Depending upon how you look at it the new TV series Samurai 7 is a cool homage to the original movie from Akira Kurosawa or blasphemy of a cinema classic. Personally I am fully in the cool homage camp. How can you go wrong with samurai, robots, and samurai robots… IN SPACE!

For those of you not familiar with the original movie “Seven Samurai” was directed by the late, great Akira Kurosawa. It was released in 1954 and starred probably one of the best Japanese screen actors ever, Toshiro Mifune. In brief it was a story about a Japanese village plagued by bandits. They decide to pool their only resource, rice, and hire master-less samurai (or ronin) to come protect their village and fight off the bandits. The samurai they get are an odd mix, each with his own story. They do not get a warm welcome since the villagers are just afraid of them as they are of the bandits. What follows is a great story about them winning over the villagers and confronting their own pasts while defeating the bandits. This was such a great story that it has been imitated many times since. The two examples that stand out the most are “The Magnificent Seven” (gunslingers protecting a Mexican village in the Old West) and “A Bug’s Life” (CGI insects protecting a colony of ants from a gang of locusts).

Some legal hurdle must have been cleared in Japan since in the past two years we have had two of Kurosawa’s works animated into TV series. The other one being “Kaze no Yojimbo” based on “Yojimbo” (bodyguard in Japanese).

Getting into the TV series itself: the story follows the overall movie plot. The TV show opens up in a future modeled after the warring states period of Japan. A decisive battle in low planetary orbit has massive battleships and battle suits clashing against one another. General Kambei and his faithful pilot, Shichiroji, fight a read guard action as the tide turns against their side. They make a charge against the enemy flagship, fade to black, and we turn the clock ahead several years.

The war is long over and the samurai of both sides find themselves to be a fifth wheel in society. Some of them wander around looking for work, hiring themselves out as bodyguards, entertainers, or assassins. Others turn to banditry, especially those who have had traded their bodies in for war machines. One such bandit band has set its eyes on Kanna village, swooping in every harvest and taking all the rice and only leaving enough for the villagers to survive. Finally getting fed up with the situation, the village elder decides to send out the village priestess, Kirara, to the city hoping that her dowsing abilities will lead her to those who can help her. Attending her on her journey is Rikichi, a farmer who lost his wife to the bandits, and the obligatory cute kid, Komachi.

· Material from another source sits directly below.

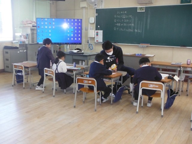 1年生は算数の時間、プリント学習に取り組んでいました。
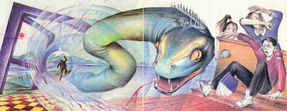 Было видно, что учитель физики изнемогает. В класс ломился кто-то большой и сильный. В конце концов, Лаэрт Анатольевич отлетел в сторону, и в распахнувшихся створках показалась голова, похожая на змеиную, но увеличенную в несколько раз, с двумя горящими голубыми глазами. У головы равномерно из стороны в сторону, как жернова, двигались челюсти, словно они перетирали какой-то твердый предмет. Мельком оглядев оцепеневший седьмой "А", голова, покачиваясь на длинной шее, которая стала вытягиваться из коридора, двинулась над столами вслед за пятившимся по проходу смертельно бледным Лаэртом Анатольевичем. Вера Владимировна без сил опустилась на стул; кажется, она была в глубоком обмороке. Девчонки подняли отчаянный визг. Увлекающаяся биологией отличница Букина, у которой были очень крепкие нервы, машинально определила:

In the city they find a plague of starving samurai who are willing to take a free meal from the villagers, listen to their story, and then refuse to help them. They are not there for more than a few hours before they are robbed of their bale of rice. Fortunately the thief is stopped by their first recruit, Katsushiro, a young man who has taken up the way of the sword to discipline himself. Kirara’s dowsing abilities lead them to two others. The first is the braggart, Kikuchiyo, a cyborg encased in giant red armor. He is the type who would rather come out sword swinging first. (His brash attitude and tendency to have his head and limbs lopped off had me referring to him as “Bender”). The second is General Kambei, now without his army, just a wandering samurai trying to get by.

In the first seven episodes we are introduced to the other samurai. Gorobei is a samurai turned street performer who will let people shoot arrows at him for the price of a meal (did I mention he is REALLY good at dodging and catching). Heihachi admits he is terrible at sword play but is an expert sapper (siege engineer). Shichiroji, having lost his arm in the war, shows up and joins at the request of his former general. Finally there is Kyuzo, a bodyguard/assassin for the local corrupt government who decides he wants to give up his bloody life and atone for past sins.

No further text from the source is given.